▸ **The problem**
Omit all pictures and transcribe only the lines in the entries below that run from the line with "4 blomster og" through the line with "Sterling Silver 925".

▸ **Data for analysis**
▼
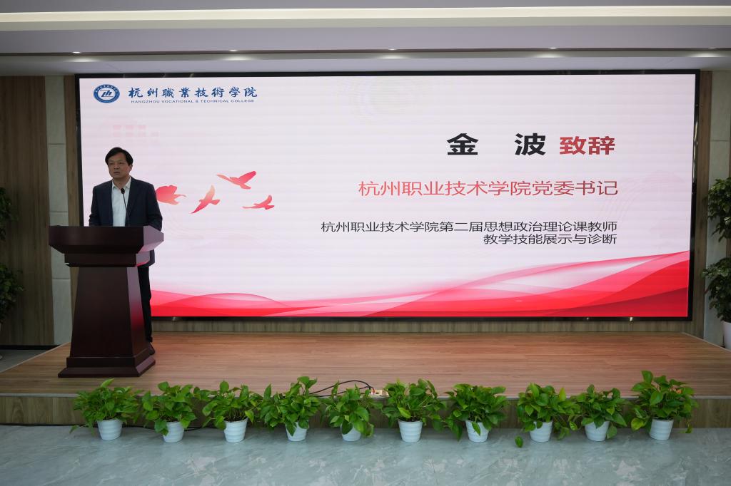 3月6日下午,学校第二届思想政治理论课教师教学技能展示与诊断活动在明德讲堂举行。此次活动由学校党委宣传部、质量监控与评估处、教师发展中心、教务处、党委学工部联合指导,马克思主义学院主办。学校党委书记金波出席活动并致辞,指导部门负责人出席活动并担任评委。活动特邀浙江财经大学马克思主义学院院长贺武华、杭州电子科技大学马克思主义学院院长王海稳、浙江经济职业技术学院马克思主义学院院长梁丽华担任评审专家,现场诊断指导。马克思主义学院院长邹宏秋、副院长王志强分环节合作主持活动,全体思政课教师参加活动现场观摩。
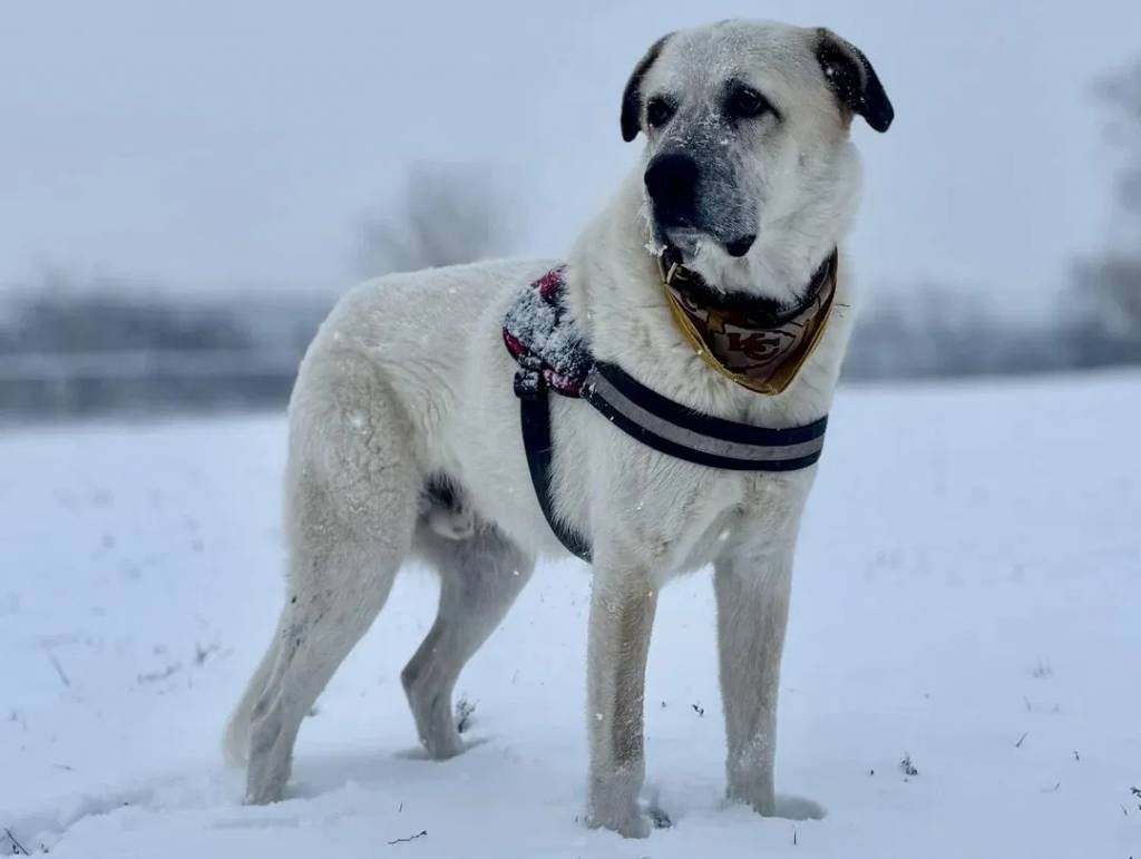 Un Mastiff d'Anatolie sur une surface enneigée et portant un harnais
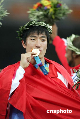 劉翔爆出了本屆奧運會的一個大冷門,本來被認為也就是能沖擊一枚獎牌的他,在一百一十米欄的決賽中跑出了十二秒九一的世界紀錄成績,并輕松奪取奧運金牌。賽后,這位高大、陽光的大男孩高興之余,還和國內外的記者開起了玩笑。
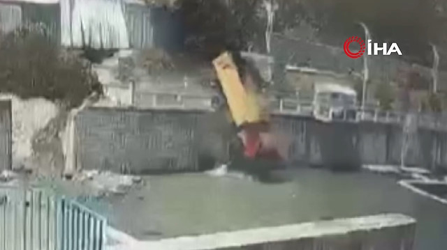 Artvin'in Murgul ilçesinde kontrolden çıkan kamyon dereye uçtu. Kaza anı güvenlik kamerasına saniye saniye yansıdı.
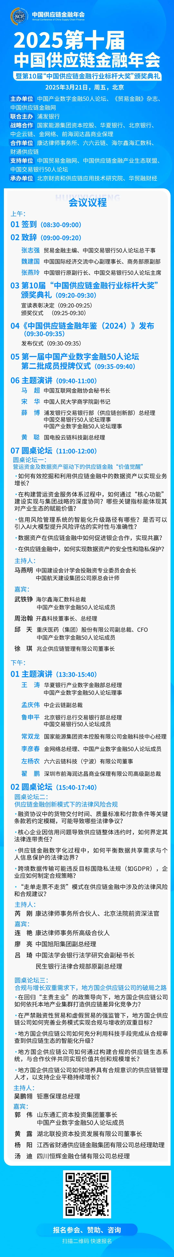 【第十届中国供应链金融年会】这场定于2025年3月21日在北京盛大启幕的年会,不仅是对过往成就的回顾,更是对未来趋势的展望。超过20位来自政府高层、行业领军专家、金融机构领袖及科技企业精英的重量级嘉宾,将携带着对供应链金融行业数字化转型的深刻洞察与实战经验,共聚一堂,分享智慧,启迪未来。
▲
▼
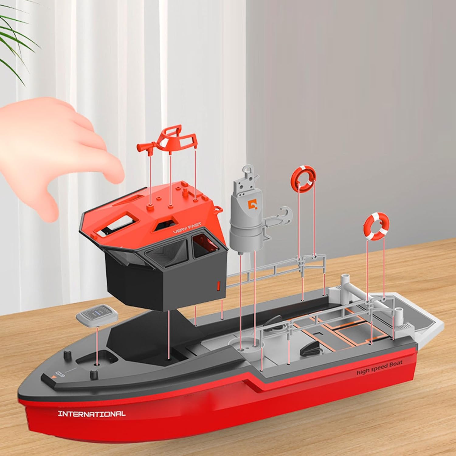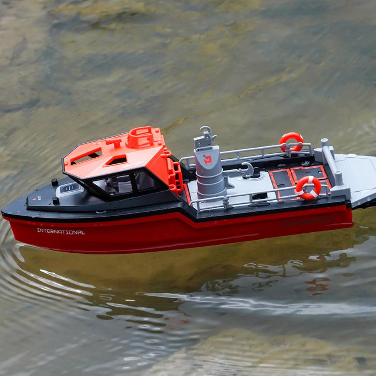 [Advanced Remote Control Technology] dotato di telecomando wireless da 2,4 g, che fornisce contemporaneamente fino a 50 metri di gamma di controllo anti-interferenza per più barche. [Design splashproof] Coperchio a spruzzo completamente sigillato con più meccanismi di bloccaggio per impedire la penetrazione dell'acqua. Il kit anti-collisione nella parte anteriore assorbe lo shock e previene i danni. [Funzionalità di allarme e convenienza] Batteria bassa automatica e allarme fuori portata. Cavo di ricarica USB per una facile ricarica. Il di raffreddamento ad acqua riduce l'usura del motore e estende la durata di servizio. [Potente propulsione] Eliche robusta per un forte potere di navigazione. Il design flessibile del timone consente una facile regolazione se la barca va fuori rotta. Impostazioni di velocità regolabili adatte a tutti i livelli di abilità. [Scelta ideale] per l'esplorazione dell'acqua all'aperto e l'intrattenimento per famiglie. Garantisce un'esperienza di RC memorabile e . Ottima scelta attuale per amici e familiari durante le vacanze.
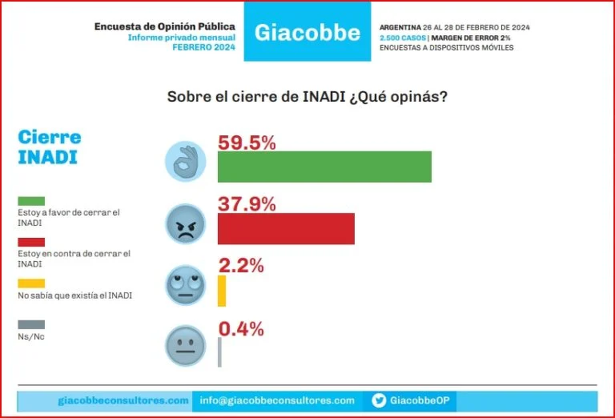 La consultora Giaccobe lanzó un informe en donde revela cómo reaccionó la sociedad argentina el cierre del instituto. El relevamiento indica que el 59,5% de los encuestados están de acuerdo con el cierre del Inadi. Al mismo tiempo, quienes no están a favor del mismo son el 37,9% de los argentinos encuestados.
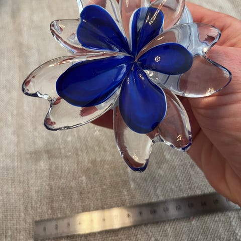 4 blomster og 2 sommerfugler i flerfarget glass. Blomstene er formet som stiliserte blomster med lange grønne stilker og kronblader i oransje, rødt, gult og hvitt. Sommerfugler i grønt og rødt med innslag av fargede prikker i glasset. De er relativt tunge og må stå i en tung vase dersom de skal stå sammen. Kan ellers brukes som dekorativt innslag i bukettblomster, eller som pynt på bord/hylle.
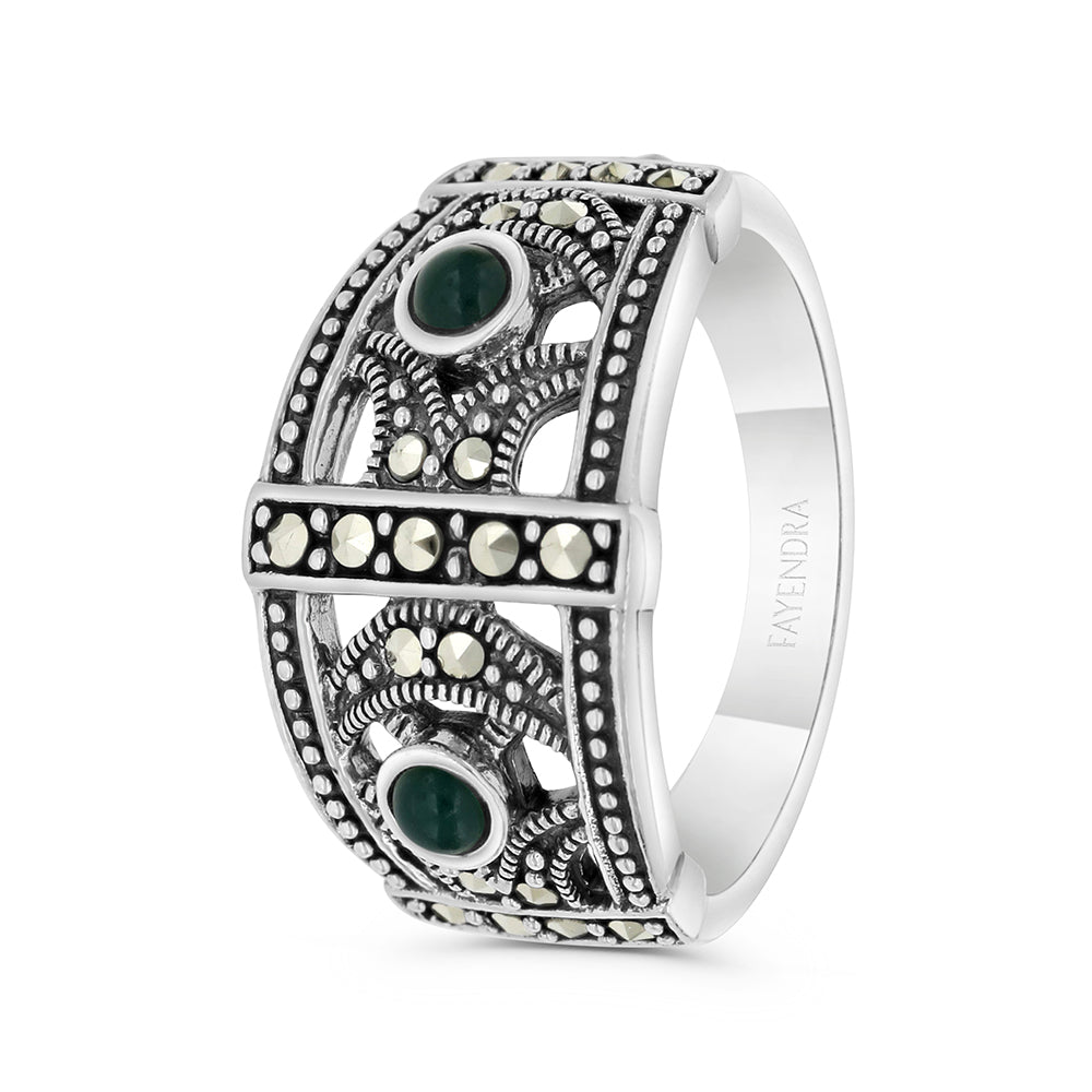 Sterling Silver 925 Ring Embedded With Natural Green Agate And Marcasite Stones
▲
▼
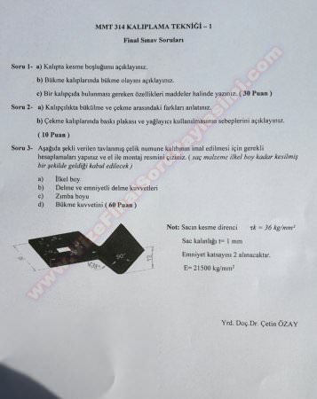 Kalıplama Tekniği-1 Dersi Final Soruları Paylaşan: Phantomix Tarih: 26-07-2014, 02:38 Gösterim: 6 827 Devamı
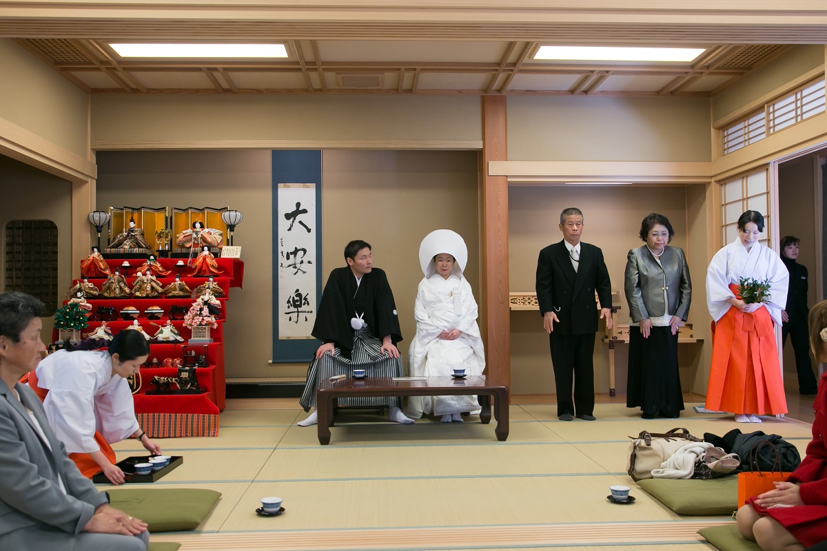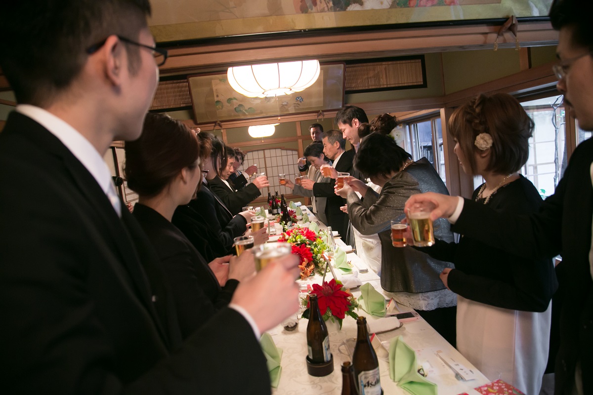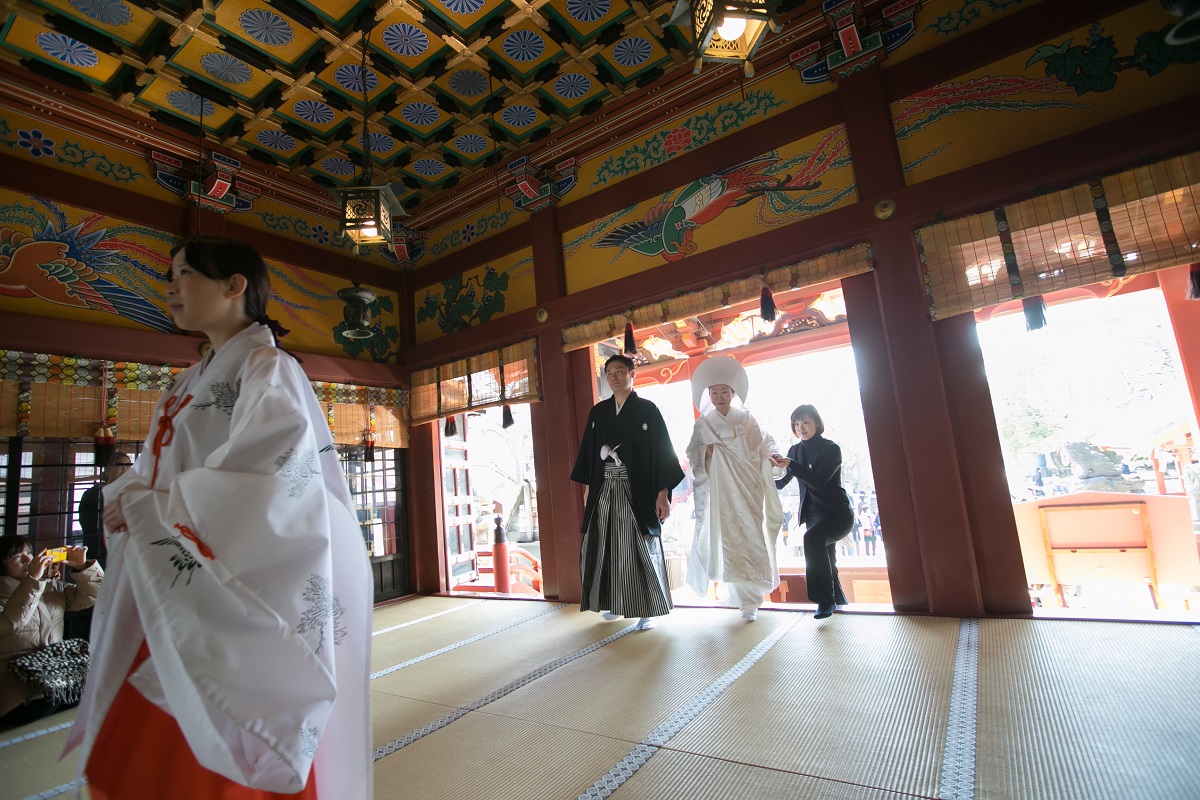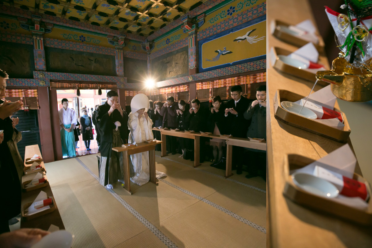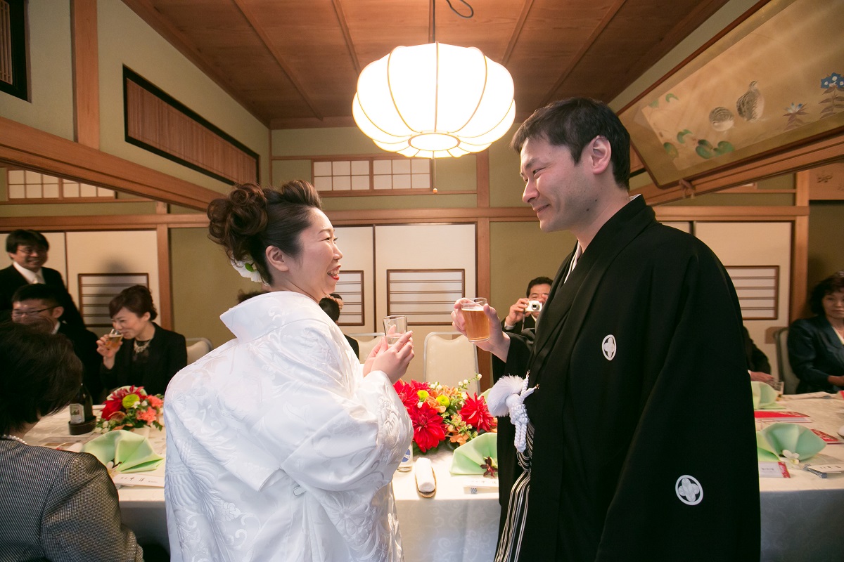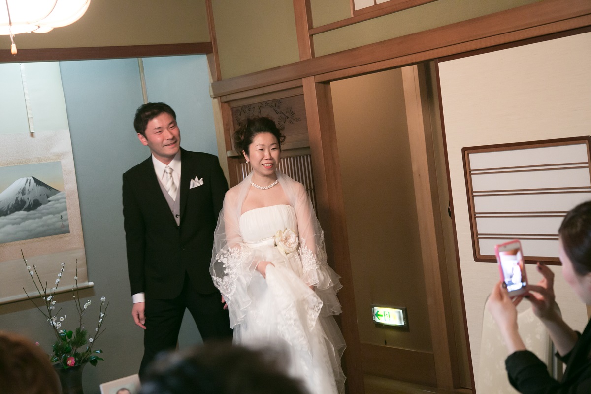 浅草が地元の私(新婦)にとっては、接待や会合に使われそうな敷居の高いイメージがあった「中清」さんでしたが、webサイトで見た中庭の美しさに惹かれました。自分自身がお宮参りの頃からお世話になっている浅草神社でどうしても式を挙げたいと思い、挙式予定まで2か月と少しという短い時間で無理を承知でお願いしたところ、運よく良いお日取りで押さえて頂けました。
▲
▸ **Response**
 4 blomster og 2 sommerfugler i flerfarget glass. Blomstene er formet som stiliserte blomster med lange grønne stilker og kronblader i oransje, rødt, gult og hvitt. Sommerfugler i grønt og rødt med innslag av fargede prikker i glasset. De er relativt tunge og må stå i en tung vase dersom de skal stå sammen. Kan ellers brukes som dekorativt innslag i bukettblomster, eller som pynt på bord/hylle.
 Sterling Silver 925 Ring Embedded With Natural Green Agate And Marcasite Stones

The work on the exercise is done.